# HPC Architecture

## Overview
- HPC Job Scheduling
- Peformance analysis
- Debugging
- Profiling
- Petascale and Exascale Computing.

## Cluster Terminology


## What is a Job
- Job 
    - User's program/name of an executable
    - input data and parameters
    - environment variables
    - required libraries
    - descriptions of computing resources required
- Job Script
    - Formal specification
    - identifies an application to run along with its input data and env variables
    - requests computing resources.

## Local Resource Manager (LRM) / Batch System

- Job Scheduler or Workload Manager
    - Identifies jobs to run, selects the resources for the job, and decides when to run the job.
- Resource manager
    - identifies the compute resources and keeps track of their usage and feeds back this info to the workload manager.
- Execution manager
    - job initiation and start of execution is co-ordinated by the execution manager of the batch system.

## Job Scheduling
- The LRM  is responsible for receiving and parsing job script.
- if a job cannot be executed immediately, it is added to a queue. 

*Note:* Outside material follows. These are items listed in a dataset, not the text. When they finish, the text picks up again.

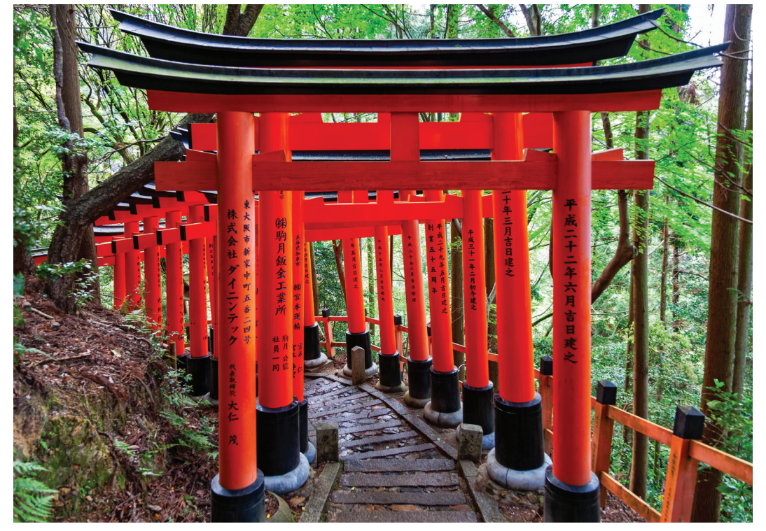
We visit Kyoto's Fushimi Inari shrine on Day 12.

Day 6: Hakone/Takayama Today we travel first by bullet train then by Wide View Hida express train to lovely Takayama in the Japanese Alps, considered one of the country's most attractive towns with its beautifully preserved Old Town. Our explorations center on three narrow streets in the San-machi-suji district where, in feudal times, merchants lived amidst the authentically preserved small inns, teahouses, and sake breweries. This afternoon we attend a traditional Japanese tea ceremony here, an historic ritual of form, grace, and spirituality. B,D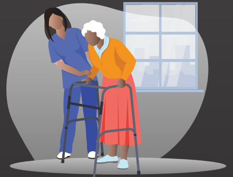
Nurse aides, orderlies and patient service associates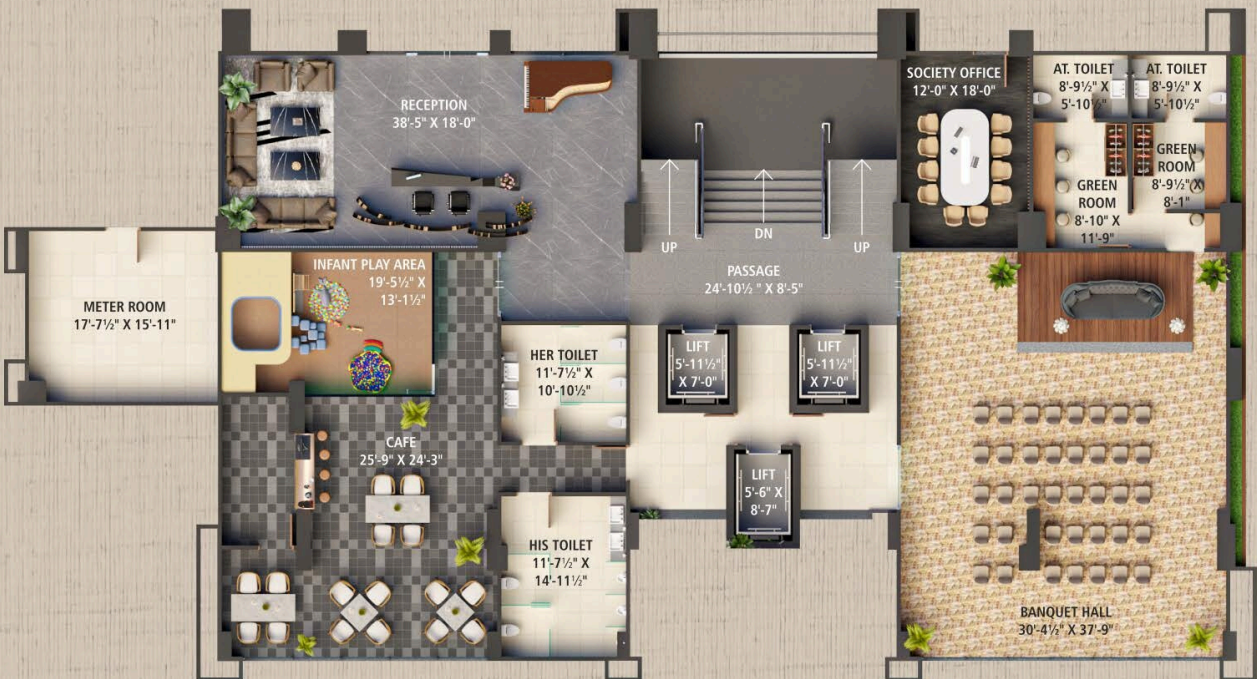
CLUB HOUSE | BUILDING B GROUND FLOOR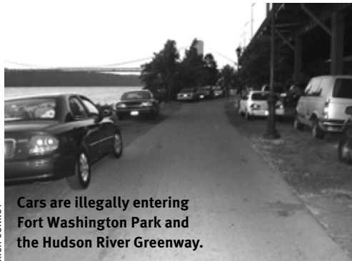
Cars are illegally entering Fort Washington Park and the Hudson River Greenway.

F ort Washington Park and the northern portion of the Hudson River Greenway on Manhattan's west side are under siege from illegal motor vehicle traffic. The metal gate that leads to the biking and walking path at 158th Street, beneath Henry Hudson Parkway, was badly damaged this summer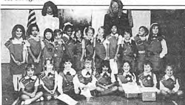
Saint Ignatius Brownie Troop 3682 with their leaders.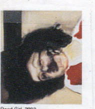
Dead Girl, 2002

## Job Scheduling Policies:
- FCFS
- Multi-priority queues
- Back-filing
- Fair-share
- Premptive

## Job execution in Compute Nodes.
- User -> Job script -> Head Node/Login NOde -> Network Switch -> Compute Nodes
- Job script: Selects the appropriate node for job execution. exec and input files are copied to compute nodes and job is started.
- Login Node: Monitor's the status of job submitted. (Its not supposed to run anything, only compute nodes run execution)
- After execution, Input and Output files are written to user specified location. 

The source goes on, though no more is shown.